Physical changes usually appear slowly, so they often go unnoticed at first, clarifies the Mayo Clinic. One of the most characteristic features is the enlargement of hands and feet (for example, rings no longer fit or a higher shoe size is needed), as well as changes in facial features: thicker lips and ears, wide nose, prominent jaw, enlarged forehead, and separation between the teeth.
The skin may become more thick, greasy or rough; Acne or skin tags may appear. Other signs include excessive sweating, enlarged organs (such as the heart), fatigue, joint pain, voice changesheadache and even vision problems if the tumor presses on nearby structures.
To diagnose acromegaly, specialists combine a medical history, physical examination and hormonal tests, mainly by measuring IGF-1 levels. If this is high, a growth hormone suppression test may be requested: after administering glucose, GH levels should decrease in a healthy person; in acromegaly, they remain elevated.
If hormonal tests suggest acromegaly, a MRI (or other imaging study) of the hypothalamic-pituitary area to locate the adenoma. X-rays of the hands and feet may also be done to evaluate for structural bone growth.

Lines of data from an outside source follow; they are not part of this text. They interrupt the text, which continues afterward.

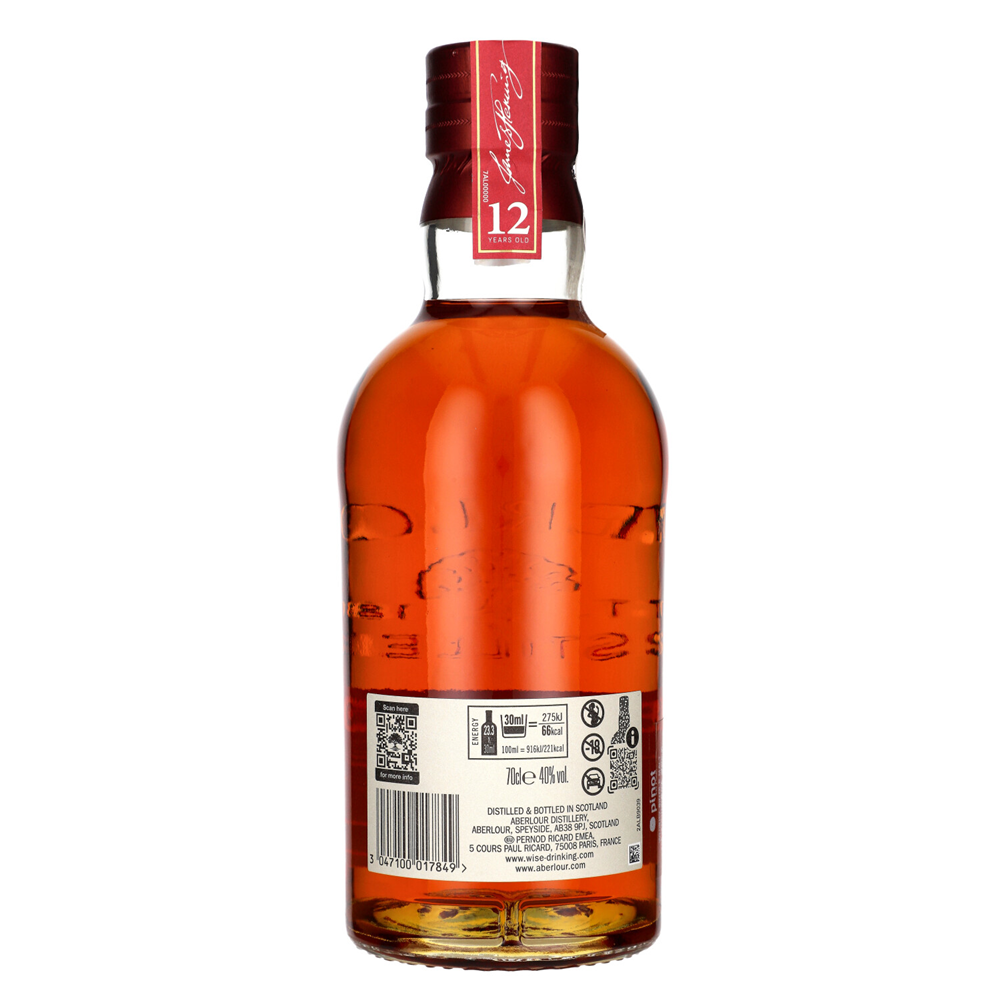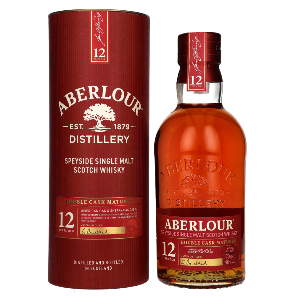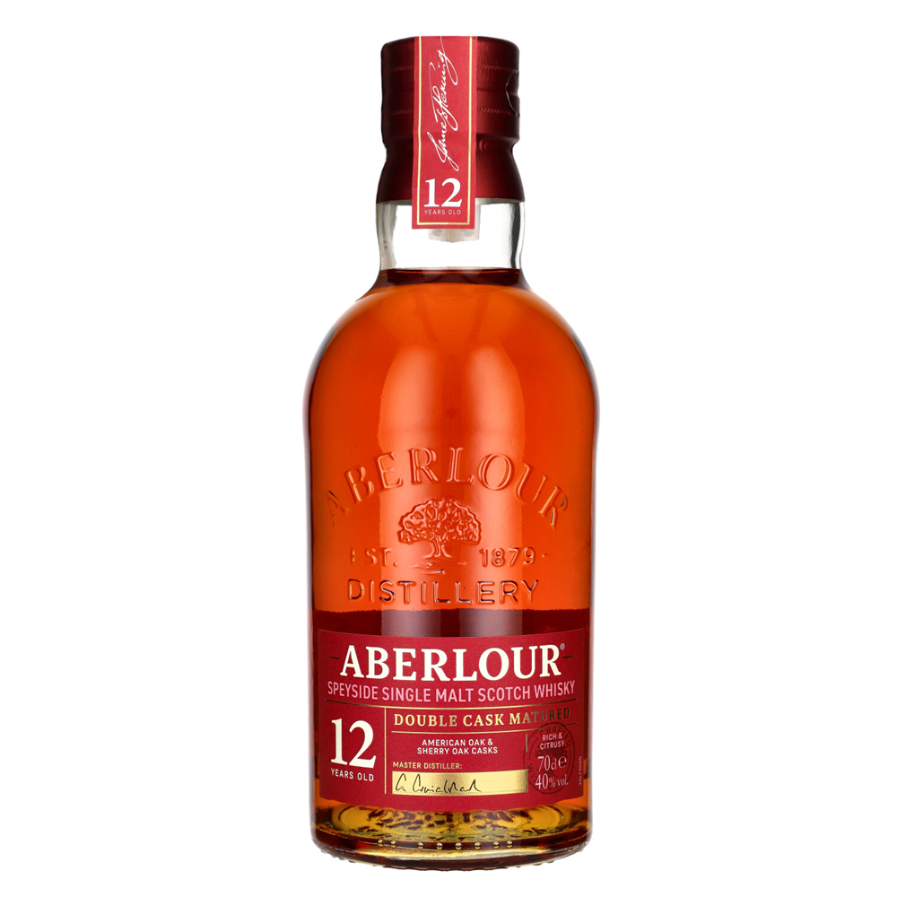 Dwunastoletnia whisky stanowiąca doskonały przykład, jak wyjątkowo świeży, cytrusowy, surowy spirytus Aberlour nabiera łagodniejszego smaku dzięki starzeniu w dwóch różnych beczkach. Do dojrzewania stosowane są tradycyjne beczki dębowe i beczki typu butt, by stworzyć subtelnie zrównoważony smak tego wyrafinowanego alkoholu.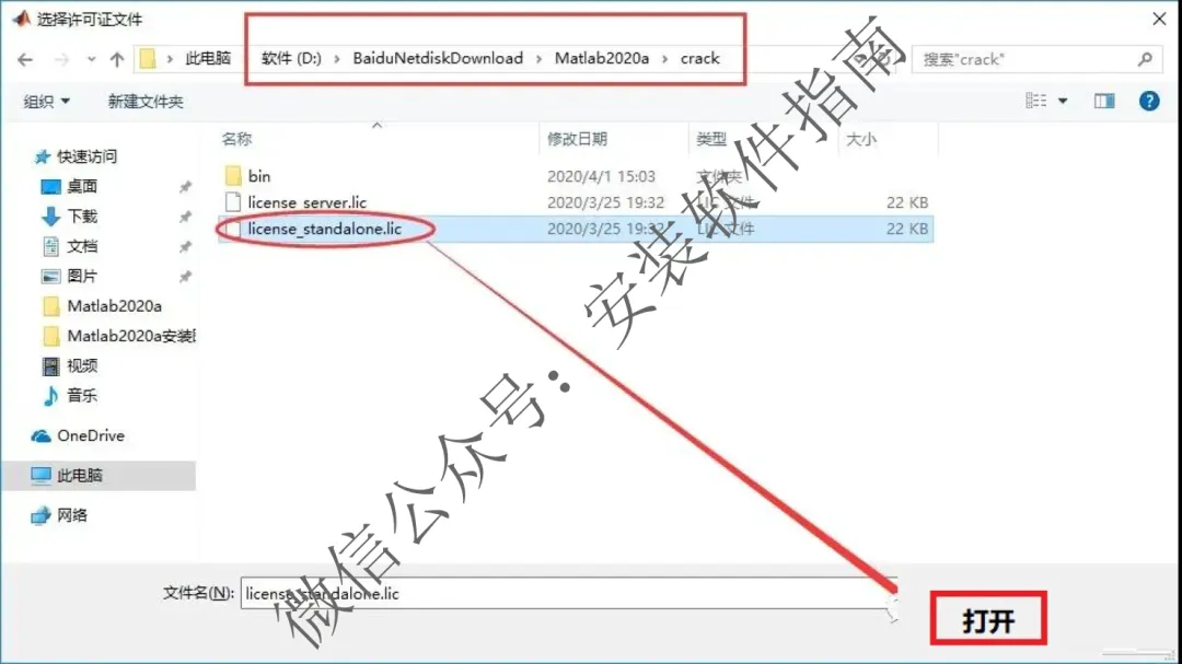 9、在跳出的框内找到第二步解压出来的Matlab2020a文件夹,打开里面的crack文件,选中license_standalone.lic文件,并打开它
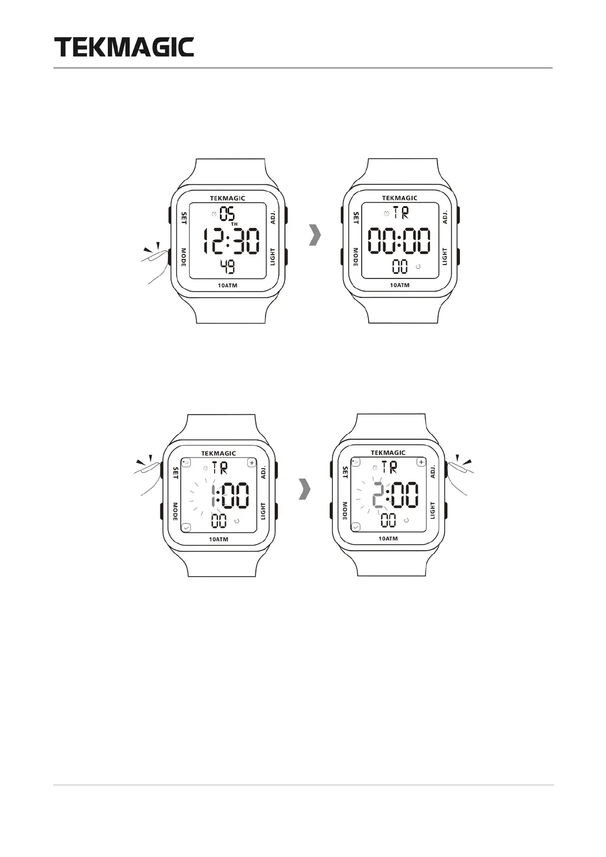 6.2 Hold down the SET button till you see the hour digit is blinking, then press the ADJ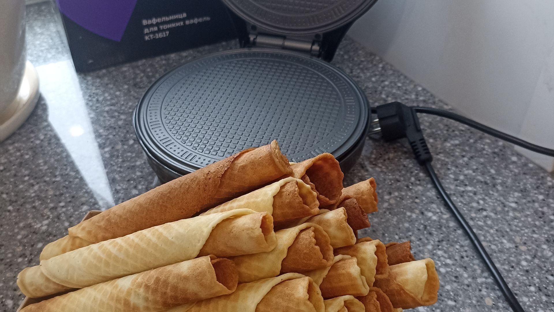 Отличная вафельница для тонких вафель. Вафли получаются нежнейшие, очень вкусные. Антипригарное покрытие работает на отлично, вафли пропекаются быстро. Снизу прорезиненные ножки, чтобы прибор не скользил.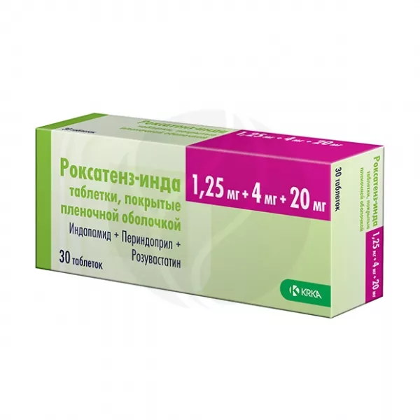 Роксатенз-инда – комбинированный препарат, содержащий периндоприл – ингибитор ангиотензинпревращающего фермента (АПФ), индапамид – тиазидоподобный диуретик и розувастатин – селективный, конкурентный ингибитор ГМГ-КоА-редуктазы (статин). Механизм действия препарата основан на фармакологических свойствах каждого из действующих веществ и аддитивного синергического действия периндоприла и индапамида.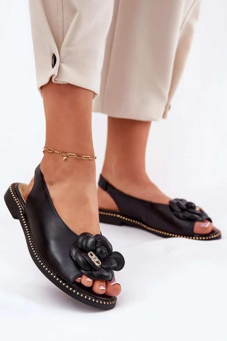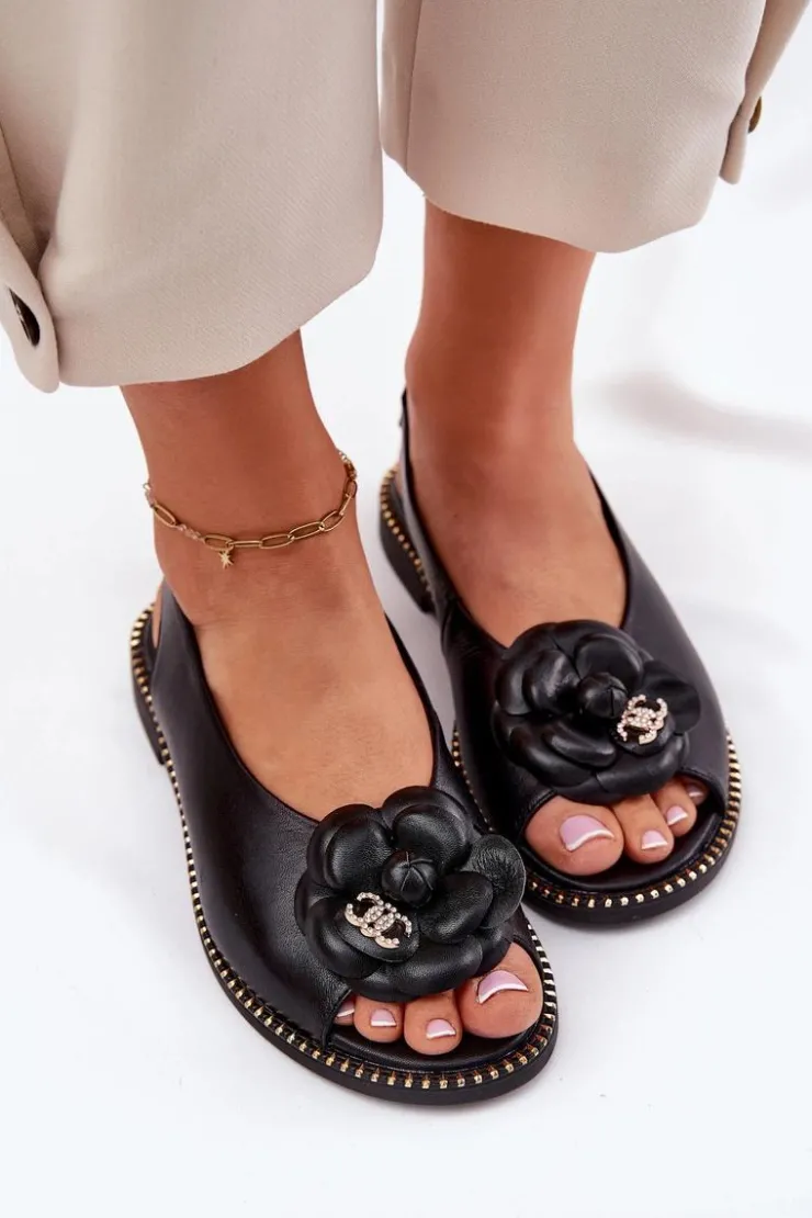 Eleganckie sandały damskie z naturalnej skóry to doskonały wybór na ciepłe dni, łączący styl i komfort. Osadzone na płaskim obcasie, zapewniają wygodę przez cały dzień. Z przodu znajduje się subtelna ozdobna aplikacja, która nadaje wyjątkowego charakteru. Wsuwany fason sprawia, że są łatwe do założenia, a klasyczny design sprawia, że te sandały będą idealnym dodatkiem do wielu letnich stylizacji. Przy wyborze rozmiaru prosimy kierować się tabelą rozmiarów.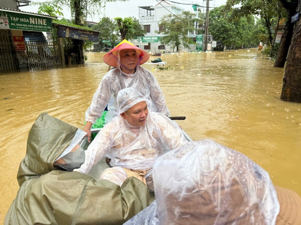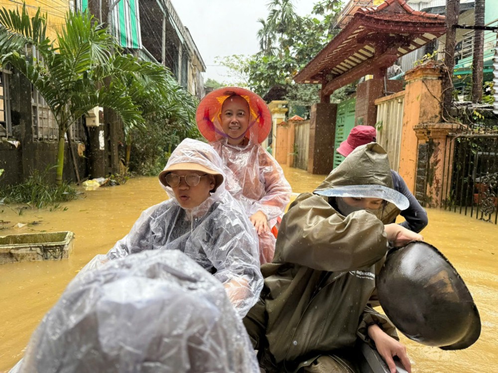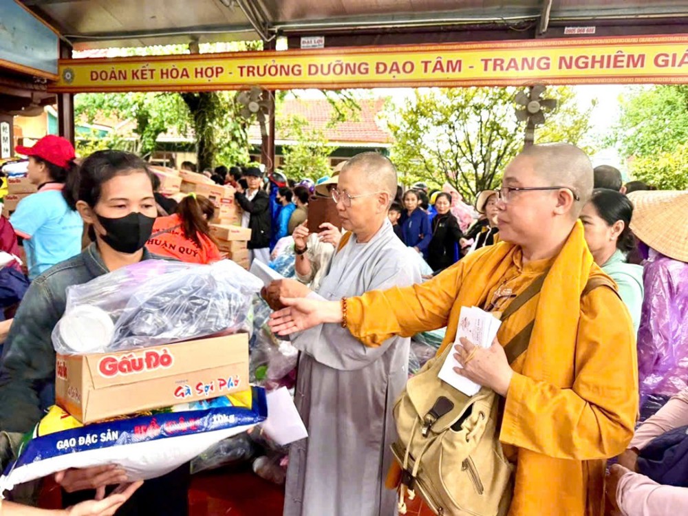 Tại Chùa Hòa Bình (phường Phú Xuân, TP. Huế), đoàn trao 100 phần quà (gạo và tiền mặt) đến các hộ dân chịu ảnh hưởng nặng bởi bão lũ.Chiều cùng ngày, đoàn đã đến Chùa Viên Giác (phường Hội An, TP. Hội An, Đà Nẵng), thăm hỏi, động viên và trao 300 phần quà gồm gạo và tiền mặt đến bà con địa phương.

The objective of the treatment is to reduce the levels of growth hormone and IGF-1, eliminate or control the tumor and prevent or treat associated complications, states the Clínica Universidad de Navarra:
- Surgery: The most recommended option is usually removal of the adenoma through transsphenoidal surgery. This method manages in many cases to return hormonal levels to normal ranges.
- Pharmacological treatment: When surgery is not enough or cannot be performed, medications such as somatostatin analogues or dopamine agonists are used, which reduce the production of growth hormone. Another drug, the GH receptor antagonist, blocks its action on tissues.
- Radiotherapy: In those cases in which neither surgery nor drugs adequately control hormonal excess, traditional radiotherapy, stereotactic radiosurgery or proton therapy can be used. This option is usually slower to show results and requires prolonged follow-up.
If left untreated, acromegaly can lead to serious complications: hypertension, heart problems (cardiomyopathies, arrhythmias, valvular diseases), metabolic disorders such as diabetes or dyslipidemia, joint problems, sleep apnea, carpal tunnel syndrome, and even an increased risk of certain cancers.
Therefore, it is essential that anyone who detects progressive physical changes or symptoms such as excessive sweating, joint pain, fatigue or sleep problems consults an endocrinologist as soon as possible. An early diagnosis increases the chances of treating the disease successfully and avoiding serious sequelae.